**AVAILABLE DATA:**
*** Begin section ***

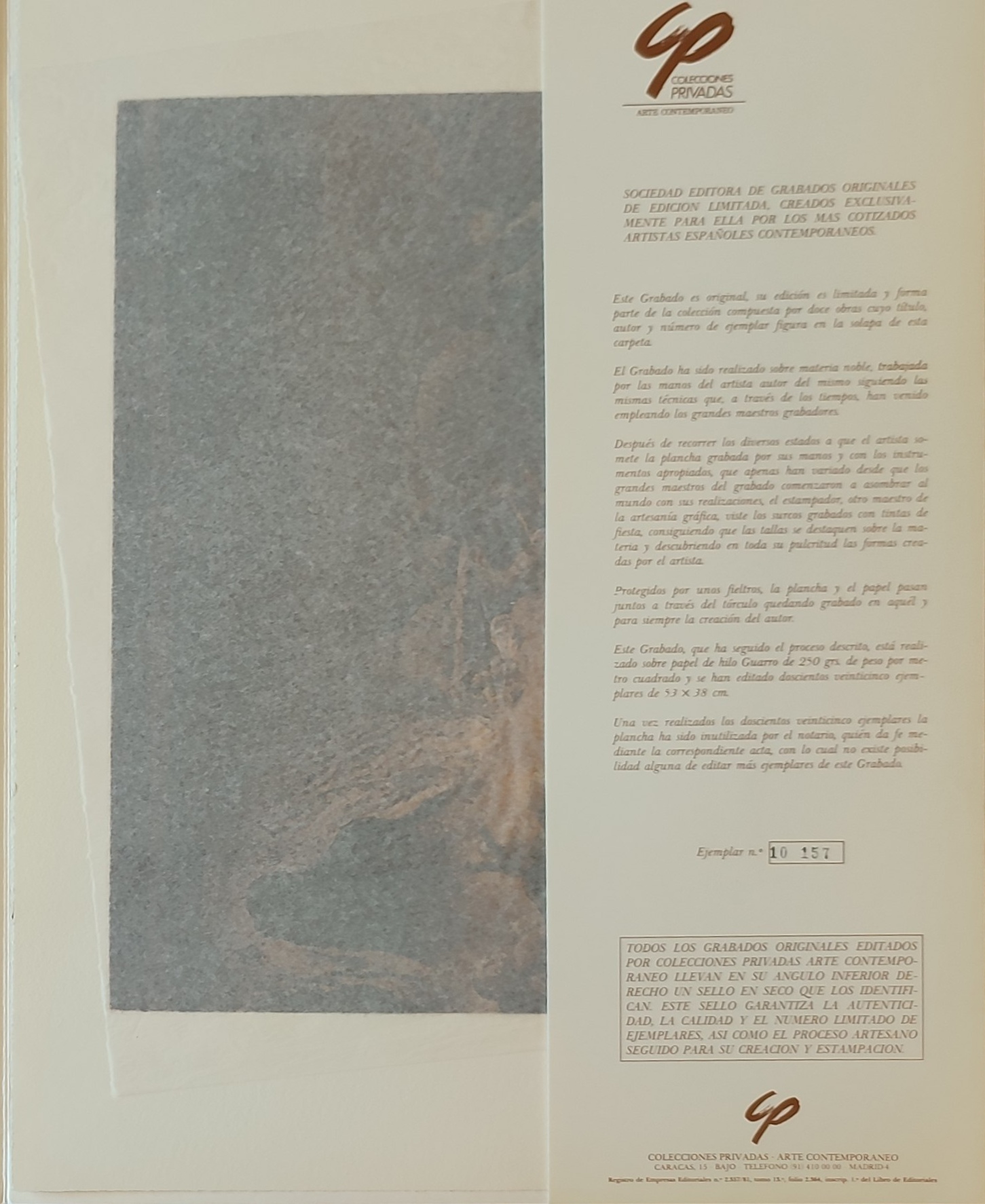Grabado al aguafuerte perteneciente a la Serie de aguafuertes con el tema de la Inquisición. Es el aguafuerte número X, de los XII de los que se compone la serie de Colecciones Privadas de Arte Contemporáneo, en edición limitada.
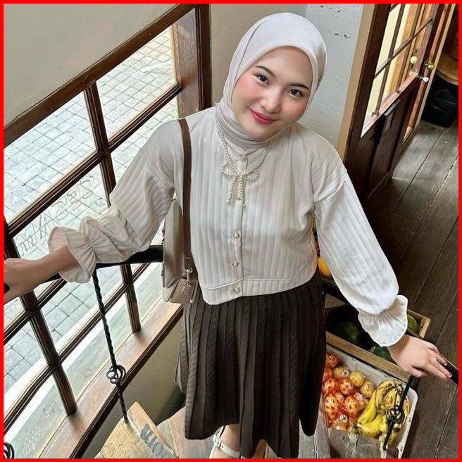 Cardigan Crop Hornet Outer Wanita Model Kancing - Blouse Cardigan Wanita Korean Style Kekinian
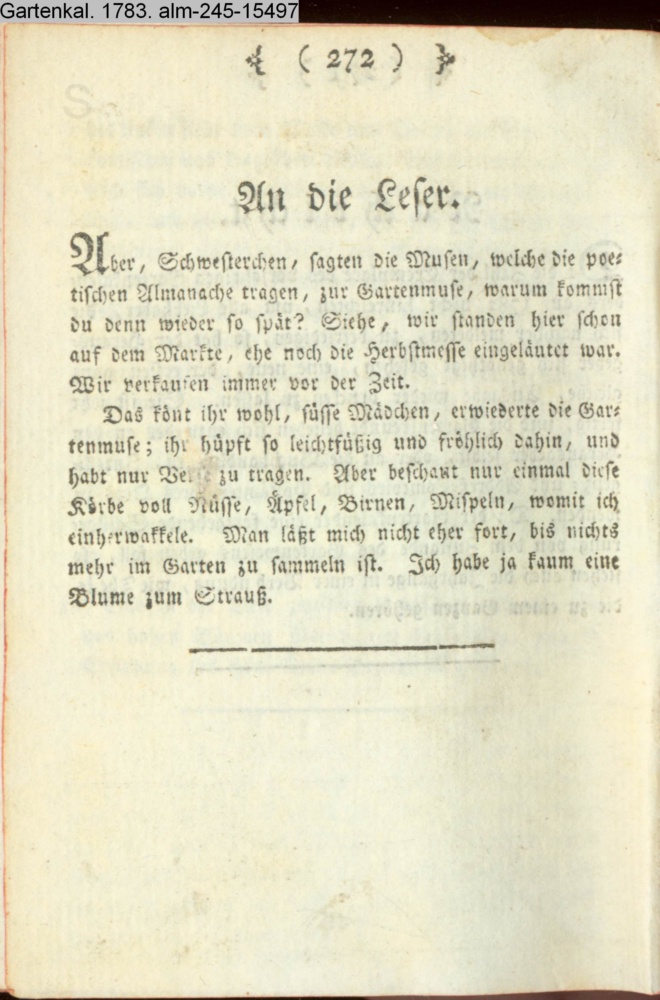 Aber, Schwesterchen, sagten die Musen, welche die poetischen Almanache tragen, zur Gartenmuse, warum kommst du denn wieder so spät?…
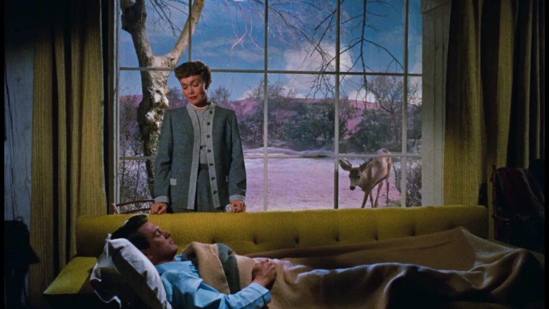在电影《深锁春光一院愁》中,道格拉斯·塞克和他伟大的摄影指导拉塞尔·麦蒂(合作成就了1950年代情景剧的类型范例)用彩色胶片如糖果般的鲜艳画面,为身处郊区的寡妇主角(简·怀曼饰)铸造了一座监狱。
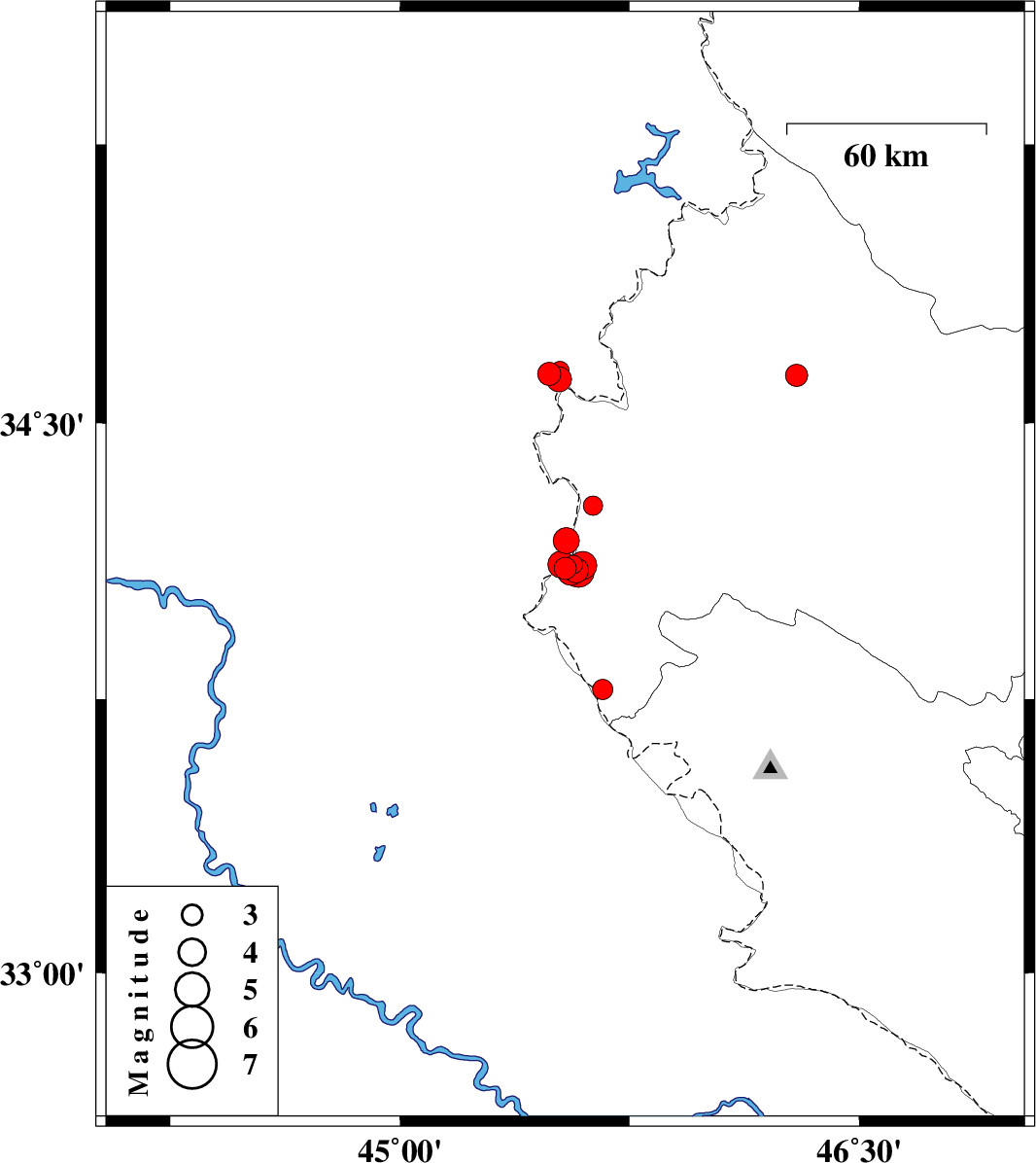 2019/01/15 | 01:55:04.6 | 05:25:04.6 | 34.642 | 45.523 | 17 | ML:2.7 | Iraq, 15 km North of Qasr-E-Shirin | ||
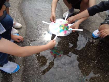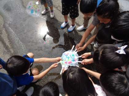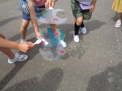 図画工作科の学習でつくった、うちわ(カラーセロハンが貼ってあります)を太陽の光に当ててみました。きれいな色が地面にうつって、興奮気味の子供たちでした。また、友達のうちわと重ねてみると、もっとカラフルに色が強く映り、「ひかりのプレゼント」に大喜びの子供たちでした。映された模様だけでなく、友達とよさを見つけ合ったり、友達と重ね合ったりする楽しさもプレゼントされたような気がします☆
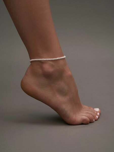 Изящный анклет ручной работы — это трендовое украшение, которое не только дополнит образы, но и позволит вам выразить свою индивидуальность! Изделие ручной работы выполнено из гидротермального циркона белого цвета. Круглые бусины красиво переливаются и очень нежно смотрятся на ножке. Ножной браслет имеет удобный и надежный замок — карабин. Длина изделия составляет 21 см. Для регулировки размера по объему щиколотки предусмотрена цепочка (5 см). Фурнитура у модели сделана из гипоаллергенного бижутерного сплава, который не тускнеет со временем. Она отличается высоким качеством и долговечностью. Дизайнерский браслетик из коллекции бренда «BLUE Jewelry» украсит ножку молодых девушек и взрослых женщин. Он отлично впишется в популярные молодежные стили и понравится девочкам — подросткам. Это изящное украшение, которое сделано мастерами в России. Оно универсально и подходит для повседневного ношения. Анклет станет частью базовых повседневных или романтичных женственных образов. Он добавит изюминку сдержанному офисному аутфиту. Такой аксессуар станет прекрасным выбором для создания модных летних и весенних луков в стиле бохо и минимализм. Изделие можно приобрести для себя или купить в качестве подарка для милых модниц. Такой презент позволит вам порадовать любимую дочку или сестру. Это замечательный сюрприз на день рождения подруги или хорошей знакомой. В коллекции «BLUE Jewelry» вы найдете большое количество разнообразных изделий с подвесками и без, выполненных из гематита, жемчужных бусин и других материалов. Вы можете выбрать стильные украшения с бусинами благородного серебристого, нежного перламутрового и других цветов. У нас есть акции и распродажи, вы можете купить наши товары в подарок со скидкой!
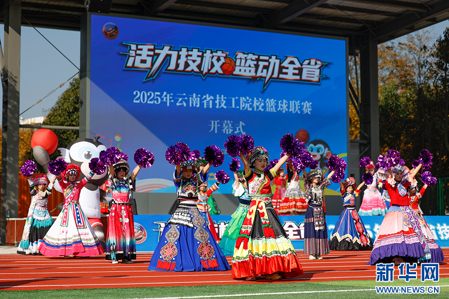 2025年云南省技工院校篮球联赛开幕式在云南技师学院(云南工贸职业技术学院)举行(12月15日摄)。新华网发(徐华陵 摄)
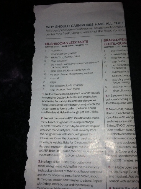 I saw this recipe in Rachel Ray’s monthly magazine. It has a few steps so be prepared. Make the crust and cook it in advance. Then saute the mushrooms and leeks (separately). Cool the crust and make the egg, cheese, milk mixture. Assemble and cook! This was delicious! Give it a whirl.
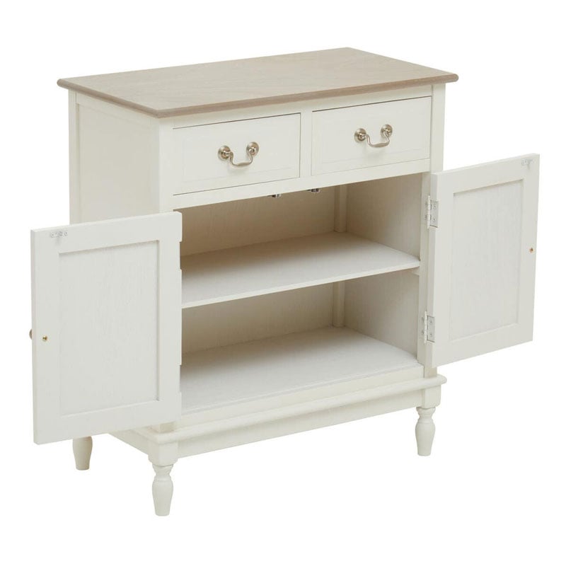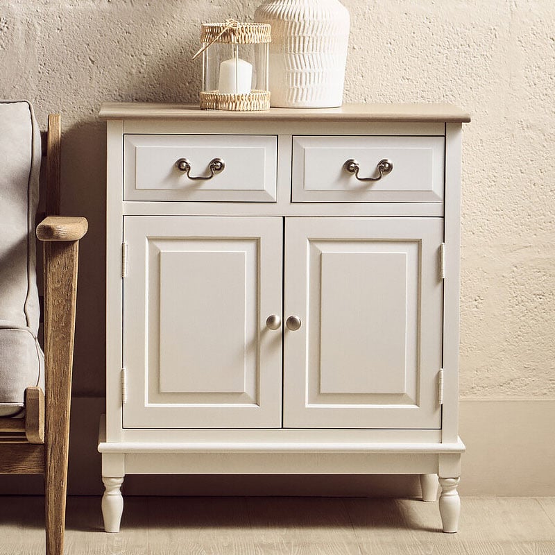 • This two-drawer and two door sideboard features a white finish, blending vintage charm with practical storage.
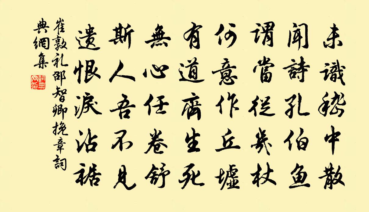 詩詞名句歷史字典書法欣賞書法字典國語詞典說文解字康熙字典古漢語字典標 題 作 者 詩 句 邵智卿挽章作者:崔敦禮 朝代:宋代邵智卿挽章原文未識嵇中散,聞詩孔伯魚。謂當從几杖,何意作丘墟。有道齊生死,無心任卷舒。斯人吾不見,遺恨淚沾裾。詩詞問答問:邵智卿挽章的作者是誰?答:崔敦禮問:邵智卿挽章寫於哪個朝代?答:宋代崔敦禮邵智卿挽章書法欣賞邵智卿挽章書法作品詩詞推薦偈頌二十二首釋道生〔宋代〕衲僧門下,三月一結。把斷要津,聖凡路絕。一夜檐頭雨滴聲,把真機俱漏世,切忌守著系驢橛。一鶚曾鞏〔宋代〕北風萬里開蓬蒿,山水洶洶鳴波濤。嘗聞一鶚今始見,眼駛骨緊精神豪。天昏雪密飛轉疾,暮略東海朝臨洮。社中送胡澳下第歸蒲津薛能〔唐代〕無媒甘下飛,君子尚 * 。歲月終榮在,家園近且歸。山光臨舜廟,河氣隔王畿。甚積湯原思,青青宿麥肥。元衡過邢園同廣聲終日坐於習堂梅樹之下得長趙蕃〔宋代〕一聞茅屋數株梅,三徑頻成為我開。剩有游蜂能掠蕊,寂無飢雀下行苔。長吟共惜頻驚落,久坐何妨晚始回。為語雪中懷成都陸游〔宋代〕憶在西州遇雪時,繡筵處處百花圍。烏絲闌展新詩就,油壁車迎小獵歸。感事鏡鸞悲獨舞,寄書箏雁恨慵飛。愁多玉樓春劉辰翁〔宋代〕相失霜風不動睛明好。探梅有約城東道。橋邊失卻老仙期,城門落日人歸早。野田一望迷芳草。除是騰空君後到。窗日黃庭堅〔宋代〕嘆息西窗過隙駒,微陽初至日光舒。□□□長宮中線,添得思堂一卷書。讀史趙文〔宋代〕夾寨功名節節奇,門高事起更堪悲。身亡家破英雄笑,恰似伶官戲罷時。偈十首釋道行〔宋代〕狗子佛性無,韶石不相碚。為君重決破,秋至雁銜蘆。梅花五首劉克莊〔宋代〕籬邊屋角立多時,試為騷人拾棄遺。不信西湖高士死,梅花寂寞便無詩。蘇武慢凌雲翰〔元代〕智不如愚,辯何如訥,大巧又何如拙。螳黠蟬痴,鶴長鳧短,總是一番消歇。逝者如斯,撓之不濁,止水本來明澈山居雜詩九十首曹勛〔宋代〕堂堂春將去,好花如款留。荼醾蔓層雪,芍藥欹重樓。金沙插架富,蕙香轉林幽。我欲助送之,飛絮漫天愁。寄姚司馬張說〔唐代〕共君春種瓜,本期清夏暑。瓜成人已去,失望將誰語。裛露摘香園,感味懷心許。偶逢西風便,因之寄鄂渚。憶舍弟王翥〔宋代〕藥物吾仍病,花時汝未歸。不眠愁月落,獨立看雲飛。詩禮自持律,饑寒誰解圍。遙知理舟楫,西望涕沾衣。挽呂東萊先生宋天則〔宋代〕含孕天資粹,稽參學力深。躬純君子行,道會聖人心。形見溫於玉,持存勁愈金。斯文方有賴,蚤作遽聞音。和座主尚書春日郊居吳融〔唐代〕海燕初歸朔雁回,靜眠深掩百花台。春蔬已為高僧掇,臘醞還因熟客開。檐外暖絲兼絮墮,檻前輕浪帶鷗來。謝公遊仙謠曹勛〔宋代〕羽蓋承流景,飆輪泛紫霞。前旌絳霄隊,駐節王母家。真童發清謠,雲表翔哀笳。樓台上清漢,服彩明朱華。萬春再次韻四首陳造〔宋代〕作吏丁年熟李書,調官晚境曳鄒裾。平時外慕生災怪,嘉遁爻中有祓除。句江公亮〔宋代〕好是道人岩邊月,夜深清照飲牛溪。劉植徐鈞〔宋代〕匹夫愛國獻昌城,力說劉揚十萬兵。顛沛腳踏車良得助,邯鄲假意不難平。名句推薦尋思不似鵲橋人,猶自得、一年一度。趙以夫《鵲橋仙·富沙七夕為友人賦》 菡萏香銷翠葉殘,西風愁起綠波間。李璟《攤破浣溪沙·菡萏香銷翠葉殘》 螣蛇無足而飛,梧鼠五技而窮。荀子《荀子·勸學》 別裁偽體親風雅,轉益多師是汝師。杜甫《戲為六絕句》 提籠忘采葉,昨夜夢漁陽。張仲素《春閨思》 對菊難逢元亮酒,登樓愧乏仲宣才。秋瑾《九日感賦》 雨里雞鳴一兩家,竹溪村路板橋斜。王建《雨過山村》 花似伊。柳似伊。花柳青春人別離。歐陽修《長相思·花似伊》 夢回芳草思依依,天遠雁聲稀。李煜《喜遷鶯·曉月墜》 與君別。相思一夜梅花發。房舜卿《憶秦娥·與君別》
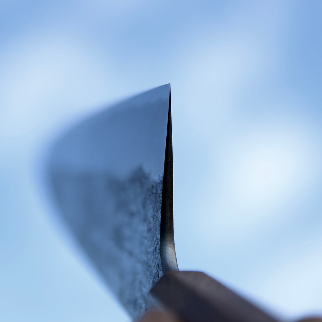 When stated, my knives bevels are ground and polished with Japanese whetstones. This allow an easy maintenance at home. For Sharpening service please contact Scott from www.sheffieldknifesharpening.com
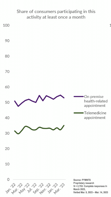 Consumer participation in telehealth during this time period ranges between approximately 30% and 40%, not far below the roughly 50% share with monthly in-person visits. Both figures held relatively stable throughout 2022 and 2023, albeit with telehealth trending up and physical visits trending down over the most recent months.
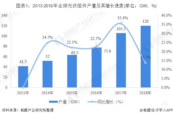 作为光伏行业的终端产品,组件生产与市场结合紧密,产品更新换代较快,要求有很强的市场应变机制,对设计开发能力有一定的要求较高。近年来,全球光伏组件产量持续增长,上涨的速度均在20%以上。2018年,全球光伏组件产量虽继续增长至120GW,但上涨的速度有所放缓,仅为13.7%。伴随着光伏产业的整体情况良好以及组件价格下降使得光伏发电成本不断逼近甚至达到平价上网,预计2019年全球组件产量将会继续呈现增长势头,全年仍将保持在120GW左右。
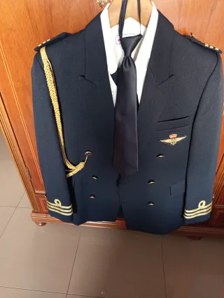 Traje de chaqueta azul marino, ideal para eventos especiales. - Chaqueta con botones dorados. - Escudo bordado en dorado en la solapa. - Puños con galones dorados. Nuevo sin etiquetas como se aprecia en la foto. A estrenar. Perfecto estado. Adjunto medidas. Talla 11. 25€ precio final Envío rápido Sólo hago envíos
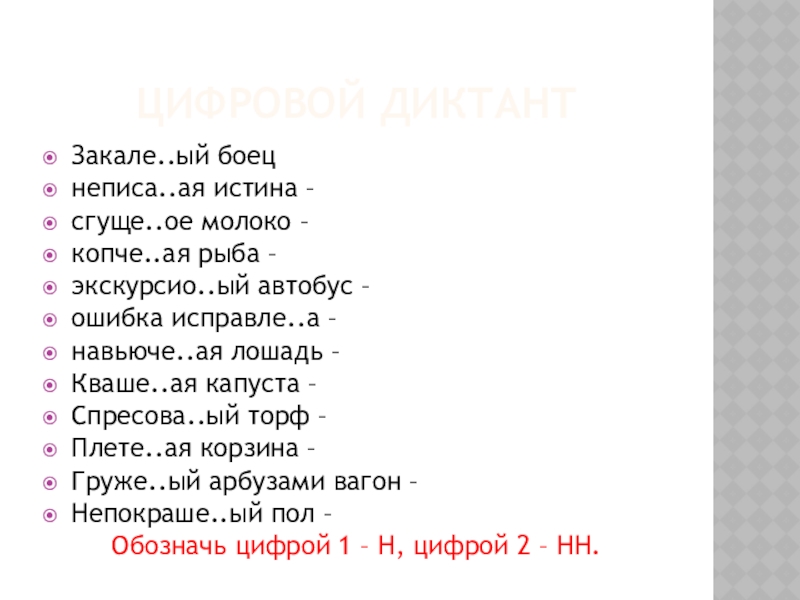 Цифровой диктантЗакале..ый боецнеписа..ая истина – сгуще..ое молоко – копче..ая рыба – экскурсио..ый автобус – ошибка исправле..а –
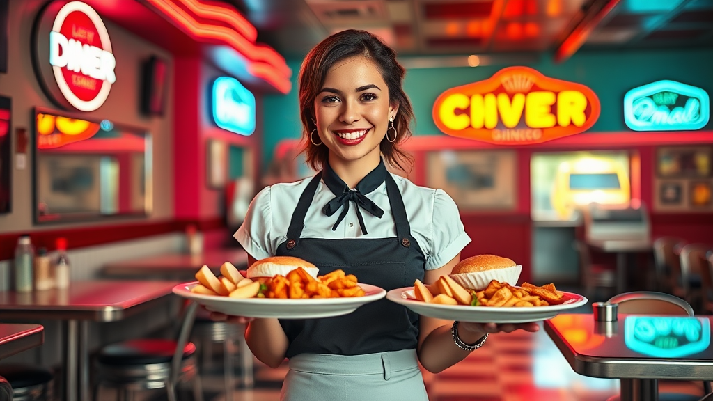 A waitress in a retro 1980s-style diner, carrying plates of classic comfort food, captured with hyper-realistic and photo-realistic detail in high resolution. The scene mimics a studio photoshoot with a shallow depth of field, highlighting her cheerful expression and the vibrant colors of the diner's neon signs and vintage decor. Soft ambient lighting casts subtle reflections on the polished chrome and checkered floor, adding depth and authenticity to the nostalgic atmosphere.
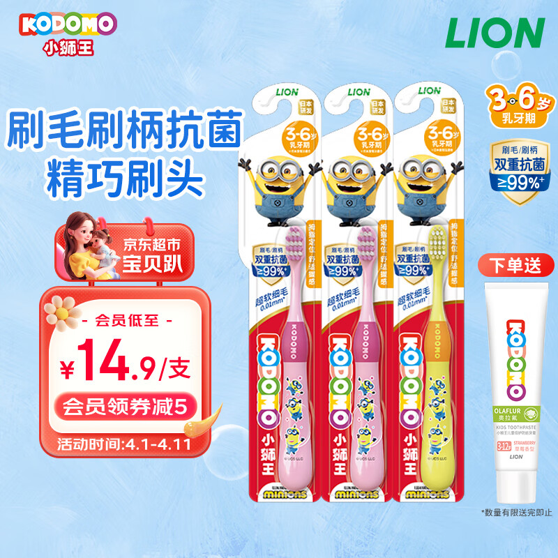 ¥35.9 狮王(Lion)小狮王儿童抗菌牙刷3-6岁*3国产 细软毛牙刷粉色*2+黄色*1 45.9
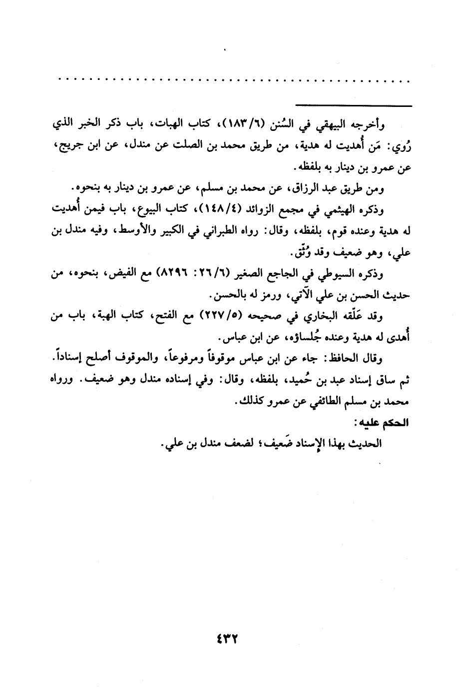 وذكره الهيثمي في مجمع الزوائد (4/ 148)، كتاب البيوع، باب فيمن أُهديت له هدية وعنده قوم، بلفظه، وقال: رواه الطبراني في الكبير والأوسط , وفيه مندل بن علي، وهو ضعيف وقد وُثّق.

*** End section ***

**EXERCISE GOAL:** Nothing but the lines from the one with "2019/01/15 | 01:55:04.6" to the one with "図画工作科の学習でつくった、" above, both included, should be transcribed, exactly and without pictures.

**RESPONSE AREA:**
 2019/01/15 | 01:55:04.6 | 05:25:04.6 | 34.642 | 45.523 | 17 | ML:2.7 | Iraq, 15 km North of Qasr-E-Shirin | ||
 図画工作科の学習でつくった、うちわ(カラーセロハンが貼ってあります)を太陽の光に当ててみました。きれいな色が地面にうつって、興奮気味の子供たちでした。また、友達のうちわと重ねてみると、もっとカラフルに色が強く映り、「ひかりのプレゼント」に大喜びの子供たちでした。映された模様だけでなく、友達とよさを見つけ合ったり、友達と重ね合ったりする楽しさもプレゼントされたような気がします☆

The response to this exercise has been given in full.